B. long and short term memory network (LSTM): the size of the hidden layer in the LSTM cell is set to 64, and the LSTM structure is composed of one storage unit for storing information and three gates (input gate, output gate, and forget gate). The three gates control the input and output of data. There are four different functions in LSTM, sigmoid, tanh, multiplication and addition, for more easily updating weights during model training. Finally, in the fully connected layer, the use of Softmax activation functions enables the neural network to implement a dichotomous function.
Example 2
A multi-dimensional characteristic EEG signal identification system based on a stacking integration technology adopts the multi-dimensional characteristic EEG signal identification method based on the stacking integration technology in the embodiment 1, which comprises the following steps:
The electroencephalogram signal acquisition module is used for acquiring electroencephalogram signals;
the preprocessing module is used for preprocessing the acquired electroencephalogram signals;
the multidimensional feature extraction module is used for carrying out multidimensional feature extraction on the preprocessed electroencephalogram data, constructing a feature matrix and obtaining an original feature matrix;
The dimension reduction processing module is used for carrying out dimension reduction processing on the original feature matrix by utilizing a principal component analysis algorithm to obtain a final feature matrix;
The stacking integrated learning module is used for constructing a multidimensional characteristic electroencephalogram signal recognition model based on a stacking integrated technology by taking a final characteristic matrix as input on the basis of a stacking integrated learning algorithm on the basis of the preprocessed electroencephalogram data; training the model to obtain a trained recognition model; and carrying out data preprocessing and multi-dimensional feature extraction on the electroencephalogram signals to be identified, and inputting the electroencephalogram signals to be identified into a trained multi-dimensional feature electroencephalogram signal identification model to obtain identification results.
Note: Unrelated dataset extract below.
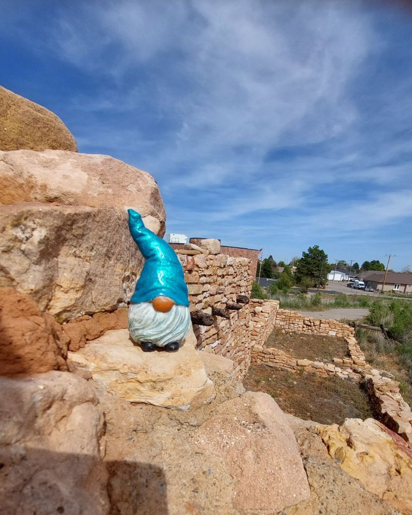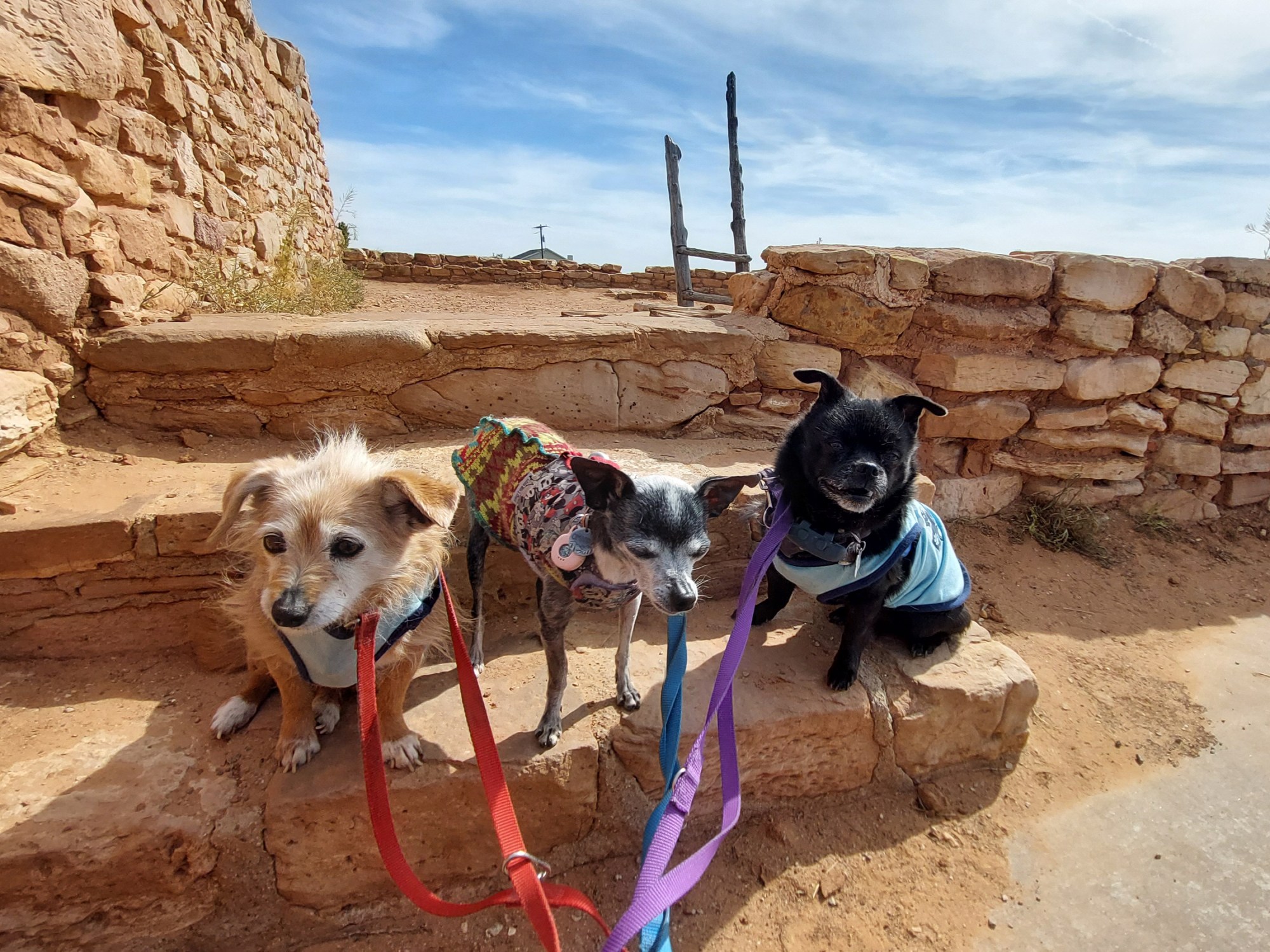 In addition to my pack of beloved senior rescue dogs, I’m toting a couple of my travel guardian gnomes. My roadtrip guardian gnome, Twinkle, got to accompany Kachina, Cimarron and Koko of our photoshoot of the Pueblo.

It will be understood that modifications and variations will be apparent to those skilled in the art from the foregoing description, and it is intended that all such modifications and variations be included within the scope of the following claims.
Claims (8)
1. The multi-dimensional characteristic electroencephalogram signal identification method based on the stacking integration technology is characterized by comprising the following steps of:
1) Acquiring brain electrical signals of a healthy subject and a non-healthy subject, and preprocessing data of the two different brain electrical signals;
2) Performing multidimensional feature extraction on the preprocessed electroencephalogram data, and constructing a feature matrix to obtain an original feature matrix;
3) Performing dimension reduction processing on the original feature matrix by using a principal component analysis algorithm to obtain a final feature matrix;
4) Constructing a multi-dimensional characteristic electroencephalogram signal identification model based on a stacking integration technology by taking the final characteristic matrix in the step 3) as input based on a stacking integration learning algorithm on the preprocessed electroencephalogram data in the step 1); training the model to obtain a trained recognition model;
In the step 4), an electroencephalogram signal identification model is built by using a stacking integration algorithm, two algorithms, namely a convolutional neural network and a long-short-term memory network, are selected as a base model of a first layer, and a logistic regression classifier is selected as a meta model of a second layer; the recognition model is divided into two layers, wherein the first layer is two base models, each base model is trained by utilizing a training set, and then the trained base model is used for classifying and predicting data and outputting a prediction label; the second layer is a meta model, the meta model predicts the output result of the first layer as the input of the first layer, and finally obtains a multi-dimensional characteristic electroencephalogram signal identification model based on a stacking integration technology by combining a 5-fold cross verification method; training the multi-dimensional characteristic electroencephalogram signal recognition model to obtain a trained recognition model;
training the multidimensional characteristic electroencephalogram signal recognition model to obtain a trained recognition model, wherein the specific steps are as follows:
41 Dividing the electroencephalogram data preprocessed in the step 1) into training sets And test set/>Then training setEqually divided into five subsets, one of which is selected as verification set/>, each time training is performedThe other four components form a new training set;
42 Training the base model of the first layer by using different new training sets, wherein for the same base model, five models with different parameters can be trained by five different training sets;
43 Using the trained base model to corresponding verification set Predicting to obtain a prediction result; Then the trained base model is utilized to test the set/>Predicting to obtain a prediction result;
44 Then training all base models, repeating steps 42) and 43), model training and prediction using the new training set and verification set, respectively, and finally obtaining a set of verification set prediction results for each base modelMarking the set of prediction results of the verification set of all base models as M; predicting all base models by using the test set, and finally predicting the result/>, of the test set of each base modelTake a weighted average, noted/>Marking a test set prediction result set of all base models as N;
45 Training the verification set prediction result set M of all the base models obtained in the step 44) as a training set of the second-layer base model to obtain a trained meta model; training the model by taking a test set prediction result set N of all the base models as a test set of a second layer element model, thereby obtaining a final multi-dimensional characteristic electroencephalogram signal identification model based on a stacking integration technology;
5) And (3) carrying out data preprocessing and multi-dimensional feature extraction on the electroencephalogram signals to be identified, and inputting the electroencephalogram signals to be identified into the trained multi-dimensional feature electroencephalogram signal identification model in the step (4) to obtain identification results.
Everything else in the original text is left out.